# Comfortable strap?



## Albi86 (Jan 22, 2014)

I would like to replace the standard camera strap with something longer and more comfortable.

Ideally it should be padded and long enough to wear it as a sling pack and pull it up to my eyes when needed. Some straps of this sort are attached via a plate at the bottom of the camera, but I don't like them because the camera tends to dangle a lot.

I have eyed this one: http://store.lowepro.com/lowepro-accessories/transporter-camera-strap

But it doesn't look very long...

Suggestions?


----------



## gshocked (Jan 22, 2014)

Hi,

I use a Crumpler Industry Disgrace Camera Strap. The neck strap is wide enough to evenly spread out the weight of a 5Dmk III and a 70-200 f/2.8 lens. I used it to shoot a wedding and it was comfortable all day. Although, I didn't have it on my neck much, more or over the shoulder.

B&H sell it:

http://www.bhphotovideo.com/c/product/791880-REG/Crumpler_ID_08A_Industry_Disgrace_Camera_Strap.html


----------



## wsheldon (Jan 22, 2014)

gshocked said:


> Hi,
> 
> I use a Crumpler Industry Disgrace Camera Strap. The neck strap is wide enough to evenly spread out the weight of a 5Dmk III and a 70-200 f/2.8 lens. I used it to shoot a wedding and it was comfortable all day. Although, I didn't have it on my neck much, more or over the shoulder.
> 
> ...



+1

I also have a "convenient disgrace", which is the same strap with buckles to remove it from the body, leaving just strap leads (e.g. when used on a tripod or for packing into a bag). I wish the straps were shorter, though, because they still get in the way.


----------



## RohamR (Jan 22, 2014)

Hi

I just purchased this being used with 5D3 and 24-105. It is comfortable-relatively cheap-good quality and does not take as much space around the shoulder / neck like most of the competitors are doing. It is strongly recommended.

Leash and Cuff Camera Straps - Kickstarter Video


----------



## Albi86 (Jan 22, 2014)

Thank you all for your suggestions.

The Crumpler looks comfy but too short. The Peak Design looks long and versatile enough, but too narrow to be comfortable.

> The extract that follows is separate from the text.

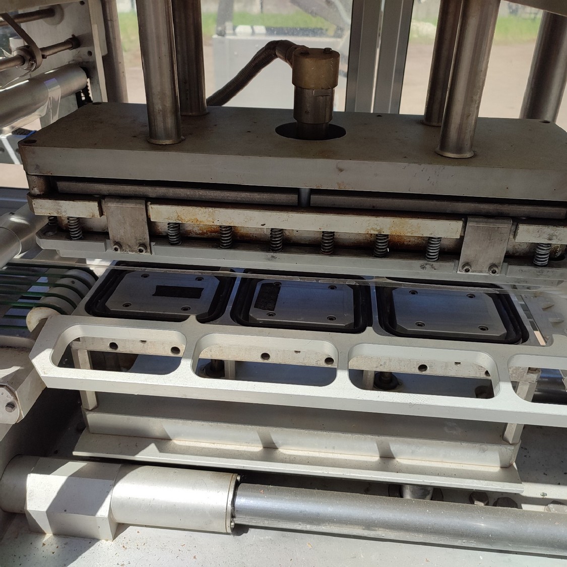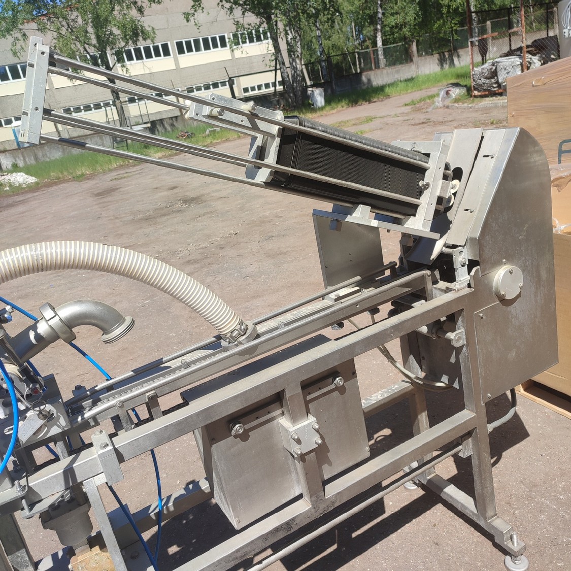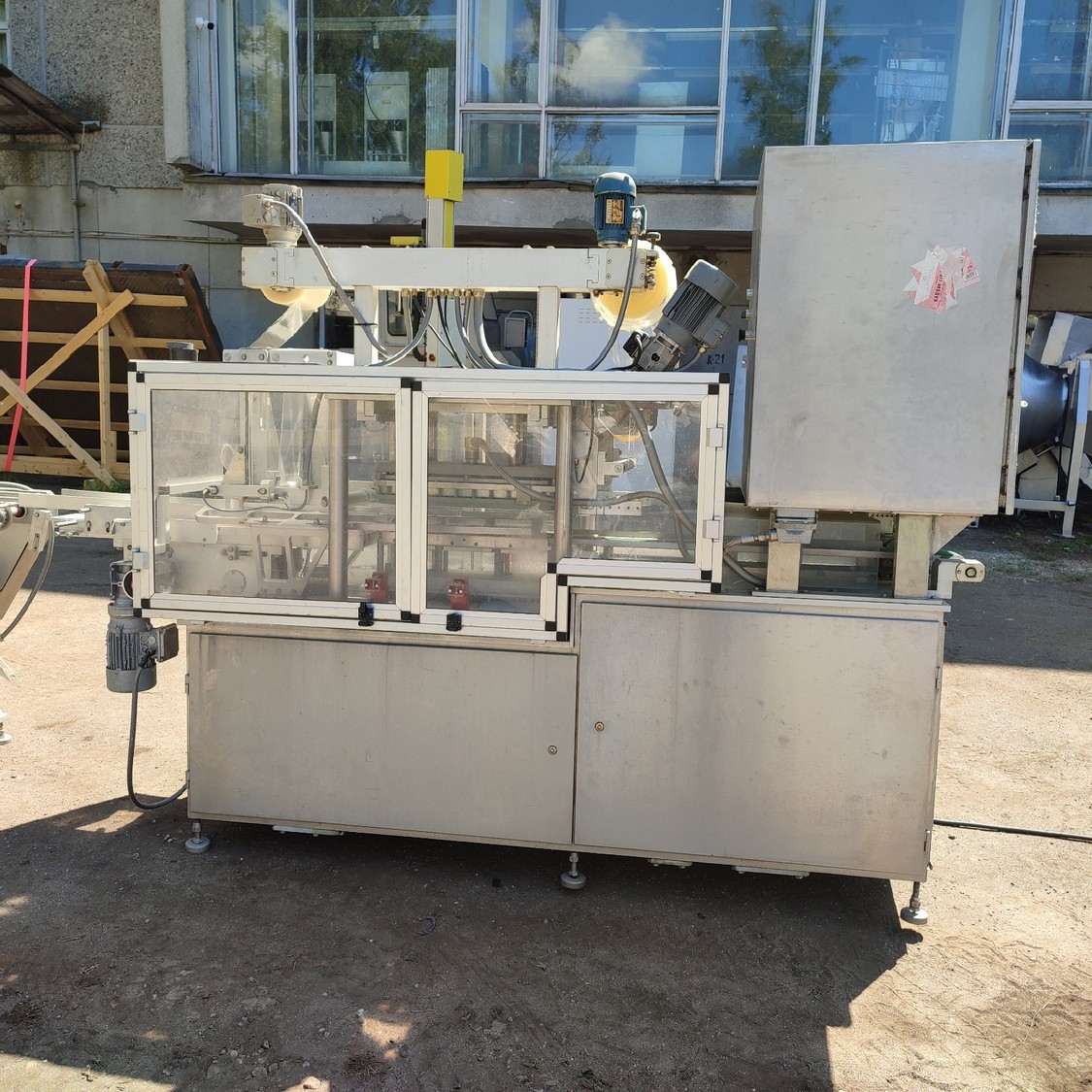 G. Mondini spa traysealer with denester and infeed belt, type infeed belt: C/T, serial number: 679/90, year of construction: 15/10/1990, 380 V, 3 Ph, 50 Hz, chain belt, dimensions: 2780 mm x 450 mm x 1600 mm, type traysealer: AC/G, serial number: 679/90, serial numbers: 15/10/1990, 380 V, 3 Ph, 50 Hz, film width: 170 mm, dye: (3x) 150 mm x 120 mm, total dimensions: 2250 mm x 750 mm x 1900 mm. Including 2 pallets with film.

I know it's tough, but that's why I asked for help


----------



## slclick (Jan 22, 2014)

With the Black Rapid style of strap the dangle has it's benefits. Have you actually tried one prior to dismissing it? I myself use the RS-7 Curve. Super comfy no matter the lens or mount (camera or lens plate) I cannot go back to neck straps after wearing a sliding sling. They're not popular because they're trendy, they're popular because they work well.


----------



## Albi86 (Jan 22, 2014)

slclick said:


> With the Black Rapid style of strap the dangle has it's benefits. Have you actually tried one prior to dismissing it? I myself use the RS-7 Curve. Super comfy no matter the lens or mount (camera or lens plate) I cannot go back to neck straps after wearing a sliding sling. They're not popular because they're trendy, they're popular because they work well.



Yes, I do have one and I find it annoying. The Joby version with the lock-clip looks better, but then again, no padding.


----------



## Dylan777 (Jan 22, 2014)

I bought Canon 400mm f2.8 IS II. For $11,000, it came with this strap: http://www.bhphotovideo.com/c/product/760856-REG/Canon_4771B001_Lens_Wide_Strap_B.html

You can wear this like BR style or normal on your neck. It feels *better than * BR7.


----------



## Albi86 (Jan 22, 2014)

Has anyone experiences with this?

http://www.customslr.com/products/camera-split-strap

Looks like what I was looking for. I'm only mildly concerned about the solidity of those joints.


----------



## cayenne (Jan 22, 2014)

I'm just not a fan of the straps that are wide at top, but get so very narrow where it connects to the camera...at least not as high up the strap that they seem to narrow.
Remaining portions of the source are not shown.